**THE RECORDS:**
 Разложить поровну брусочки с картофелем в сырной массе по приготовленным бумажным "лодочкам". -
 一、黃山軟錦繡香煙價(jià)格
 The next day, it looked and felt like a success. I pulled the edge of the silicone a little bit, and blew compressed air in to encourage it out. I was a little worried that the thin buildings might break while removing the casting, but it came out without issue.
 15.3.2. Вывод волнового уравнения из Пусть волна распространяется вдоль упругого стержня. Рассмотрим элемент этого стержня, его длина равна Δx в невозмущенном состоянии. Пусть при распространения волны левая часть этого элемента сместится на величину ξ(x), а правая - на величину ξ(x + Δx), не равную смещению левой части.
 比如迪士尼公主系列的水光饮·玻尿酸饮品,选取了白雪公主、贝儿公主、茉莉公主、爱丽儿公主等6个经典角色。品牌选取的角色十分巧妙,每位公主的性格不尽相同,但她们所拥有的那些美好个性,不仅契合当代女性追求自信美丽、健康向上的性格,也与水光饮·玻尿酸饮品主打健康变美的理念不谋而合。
--
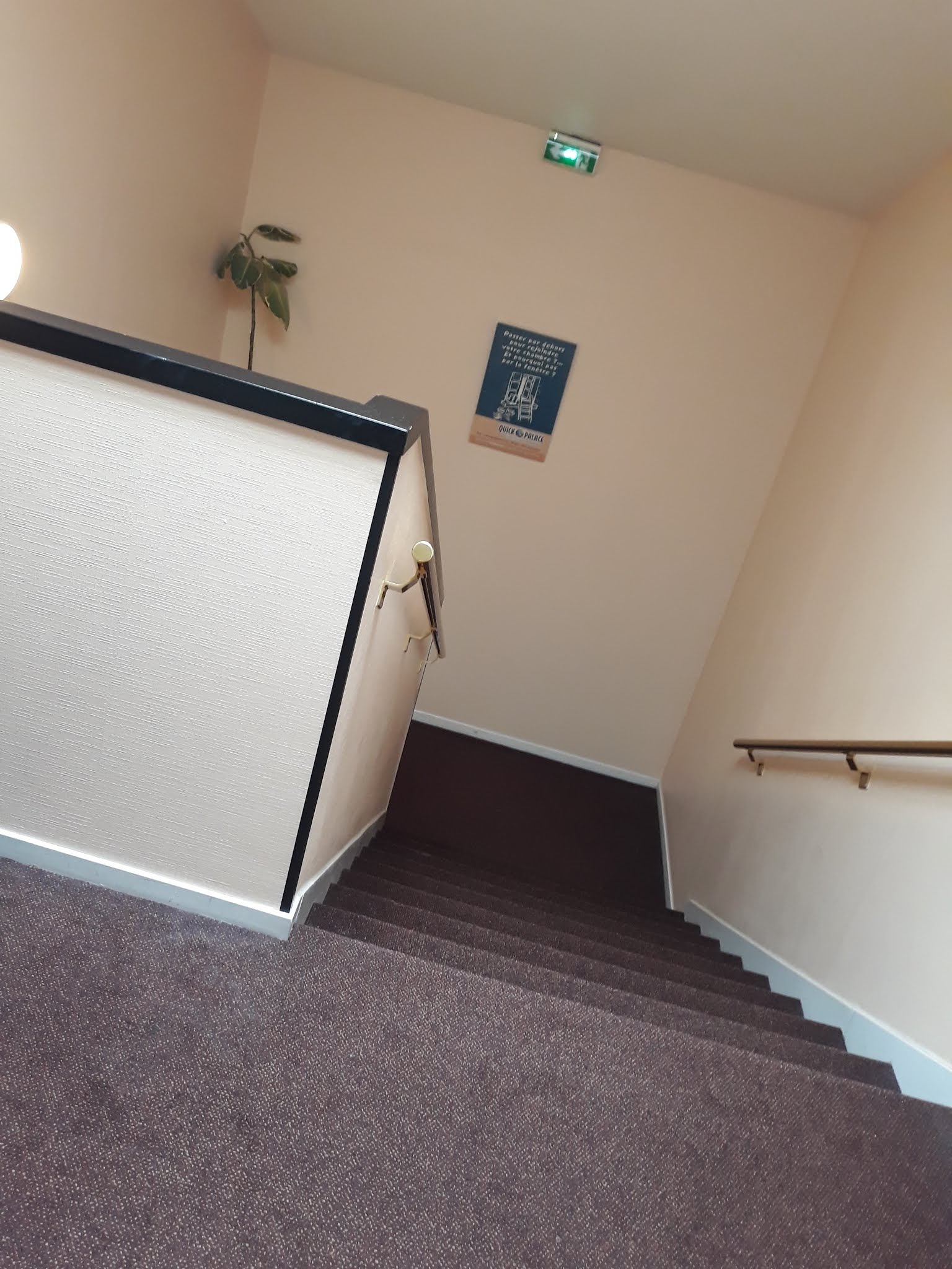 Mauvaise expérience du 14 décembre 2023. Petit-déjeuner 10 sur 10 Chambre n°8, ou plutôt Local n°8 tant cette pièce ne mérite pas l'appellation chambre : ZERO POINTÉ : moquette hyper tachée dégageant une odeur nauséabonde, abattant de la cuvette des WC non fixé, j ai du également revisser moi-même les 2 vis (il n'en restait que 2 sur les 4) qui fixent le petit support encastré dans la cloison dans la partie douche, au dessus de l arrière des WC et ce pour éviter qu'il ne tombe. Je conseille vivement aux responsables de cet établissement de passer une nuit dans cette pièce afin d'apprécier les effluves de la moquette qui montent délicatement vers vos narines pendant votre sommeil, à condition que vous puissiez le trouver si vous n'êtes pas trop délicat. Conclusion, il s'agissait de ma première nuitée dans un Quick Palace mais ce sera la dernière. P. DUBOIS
---
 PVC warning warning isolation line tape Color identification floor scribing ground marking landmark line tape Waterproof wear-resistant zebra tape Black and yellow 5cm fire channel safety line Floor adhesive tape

**DIRECTIONS FOR THIS TASK:** Output should match, line for line, the stretch of the material above from the line holding "Разложить поровну брусочки" through the line holding "一、黃山軟錦繡香煙價(jià)格".

**RESULT FOR THIS TASK:**
 Разложить поровну брусочки с картофелем в сырной массе по приготовленным бумажным "лодочкам". -
 一、黃山軟錦繡香煙價(jià)格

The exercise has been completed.